Fitness is also important to him — “Going to the gym and exercising is my church” — and Mason also loves reading and spending quiet time at home with his wife. And then there are the toy soldiers.

“I spend probably 10 to 15 hours a week painting very small toy soldiers. It's meticulous. I can put on my headphones and that's the ultimate ‘me time’. My mom [who is an interior designer] calls it the creative gene.
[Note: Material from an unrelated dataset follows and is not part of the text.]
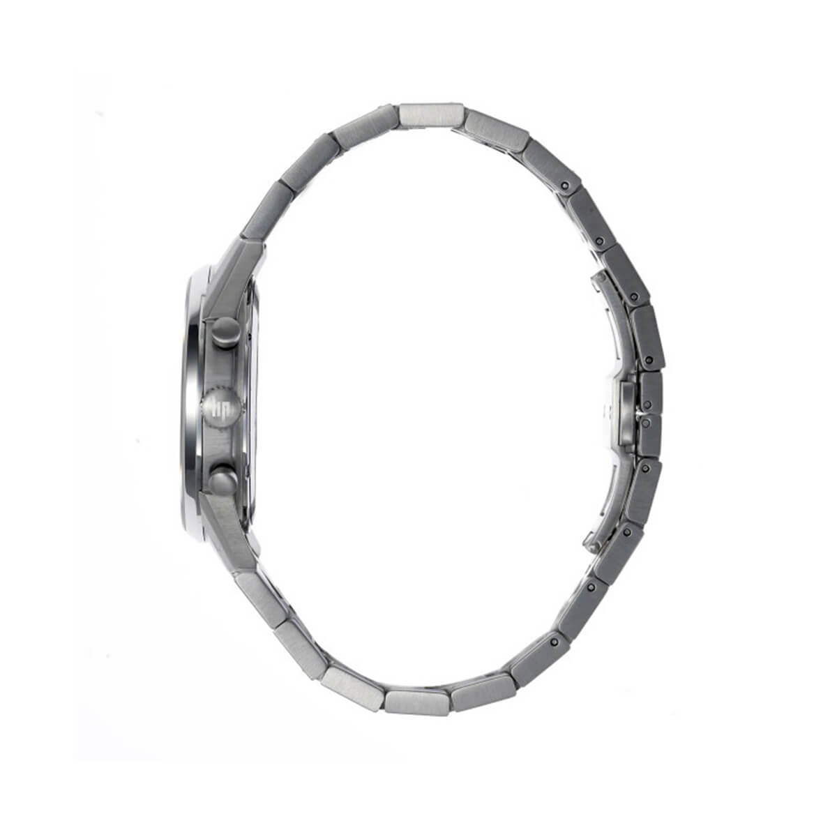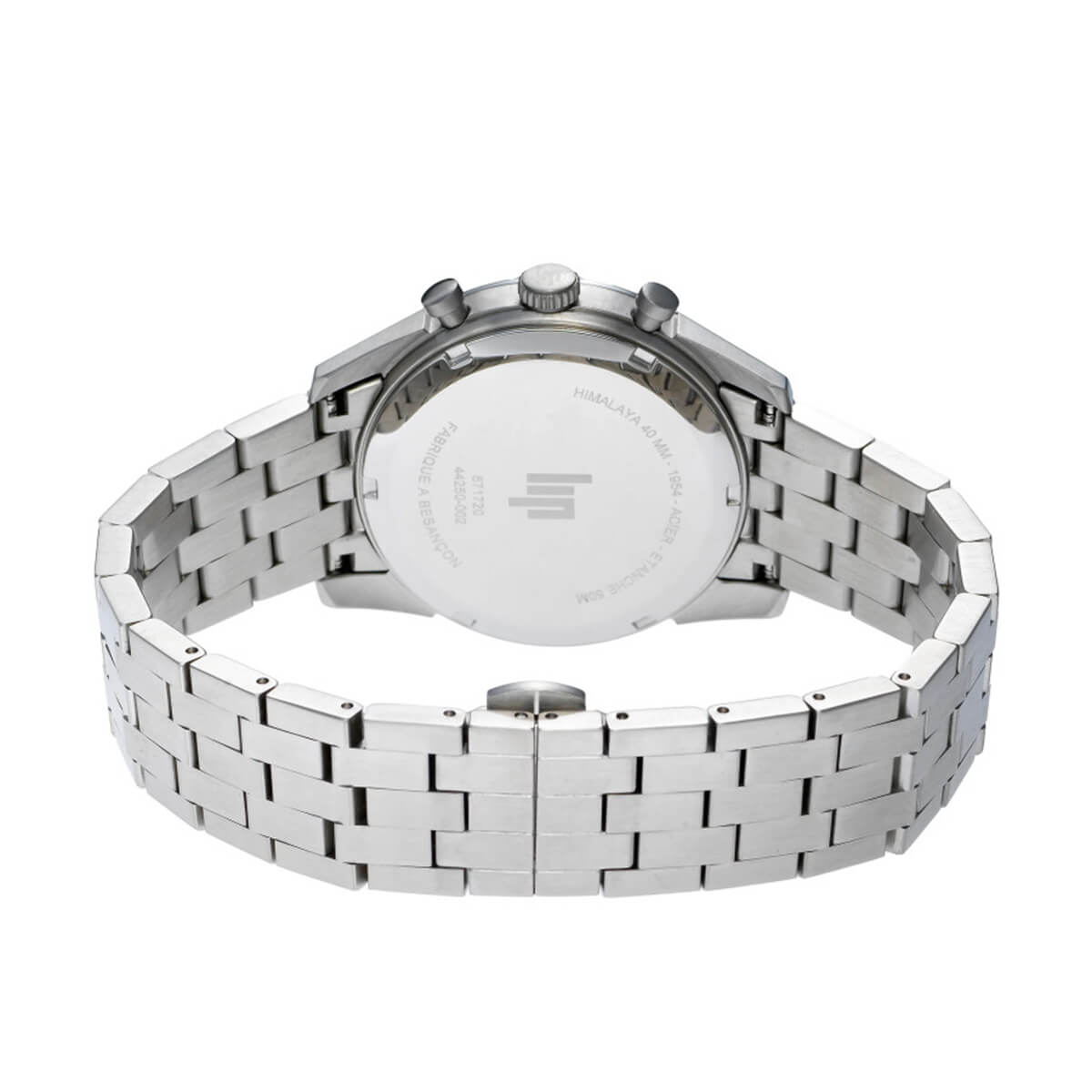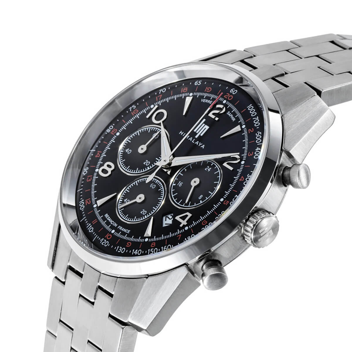 • ポリッシュ仕上げの316Lステンレススチール製ケースとブレスレットを備えた Himalaya Chronograph は、スポーツシーンから日常まで幅広く活躍するパートナーです。60分計測可能なスプリットセコンド・クロノグラフに加え、中間タイム計測、タキメーター、テレメーター、デイト表示、24時間針を搭載。反射防止サファイアクリスタル、ねじ込み式ケースバック、50m防水により堅牢性と信頼性を確保しています。ブラックダイヤルにシルバーの針とインデックスを配したフェイスは力強さとエレガンスを兼ね備え、折り畳み式バックル付きのブレスレットが安定した装着感を実現。

If you have the creative gene and you go a couple of days without making or building or creating something, it can make you a little nutty. … I've got to do something creative with my brain.”

Chris Mason Toy Soldiers


A hobby that requires creativity and great painstaking is fitting for a teacher who fights against instant gratification, who believes it’s important to pause and reflect.

“One of my little catch phrases is 'embrace the struggle.' I think that that's a big one for us. I'll say to kids, ‘I'm not really ready to help you with that yet, I'll be back in five minutes’ kind of thing. I want them to get used to kind of wallowing around, swimming in the gray and trying to figure things out for themselves. 

“You know, sometimes there are things that are unknown. Not everything is 4x2 where there's one specific answer, an exact answer. Sometimes you just kind of have to understand that there's nuance.”